:: PROVIDED RECORDS ::
· · · · ·

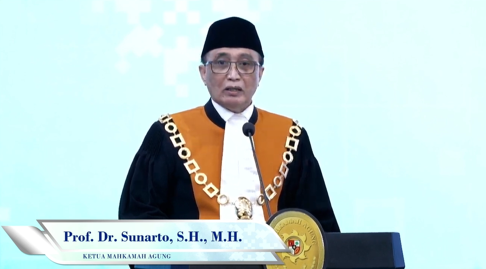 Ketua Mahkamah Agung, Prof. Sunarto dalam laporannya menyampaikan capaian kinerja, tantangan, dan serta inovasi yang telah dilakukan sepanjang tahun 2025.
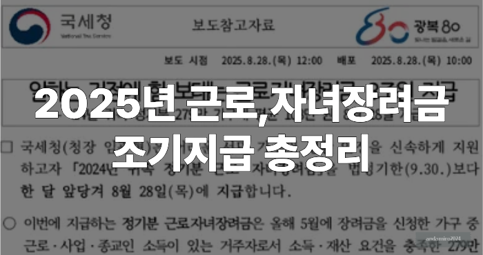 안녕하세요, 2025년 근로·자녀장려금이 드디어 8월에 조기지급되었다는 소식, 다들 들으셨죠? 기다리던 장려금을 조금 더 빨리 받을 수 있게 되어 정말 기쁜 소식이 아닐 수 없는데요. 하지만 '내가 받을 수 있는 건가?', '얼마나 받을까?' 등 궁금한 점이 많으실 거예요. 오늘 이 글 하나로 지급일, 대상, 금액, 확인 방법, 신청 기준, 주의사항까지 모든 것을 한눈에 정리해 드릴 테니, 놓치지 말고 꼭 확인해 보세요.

· · · · ·

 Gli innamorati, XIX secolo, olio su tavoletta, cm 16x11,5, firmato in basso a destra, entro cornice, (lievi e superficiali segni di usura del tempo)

· · · · ·

:: EXERCISE GOAL ::
Exactly reproduce the lines above, starting at the one that contains "Ketua Mahkamah Agung, Prof." and ending at the one that contains "안녕하세요, 2025년 근로·자녀장려금이", both inclusive; leave the pictures out and add no other lines.

:: ANSWER AREA ::
 Ketua Mahkamah Agung, Prof. Sunarto dalam laporannya menyampaikan capaian kinerja, tantangan, dan serta inovasi yang telah dilakukan sepanjang tahun 2025.
 안녕하세요, 2025년 근로·자녀장려금이 드디어 8월에 조기지급되었다는 소식, 다들 들으셨죠? 기다리던 장려금을 조금 더 빨리 받을 수 있게 되어 정말 기쁜 소식이 아닐 수 없는데요. 하지만 '내가 받을 수 있는 건가?', '얼마나 받을까?' 등 궁금한 점이 많으실 거예요. 오늘 이 글 하나로 지급일, 대상, 금액, 확인 방법, 신청 기준, 주의사항까지 모든 것을 한눈에 정리해 드릴 테니, 놓치지 말고 꼭 확인해 보세요.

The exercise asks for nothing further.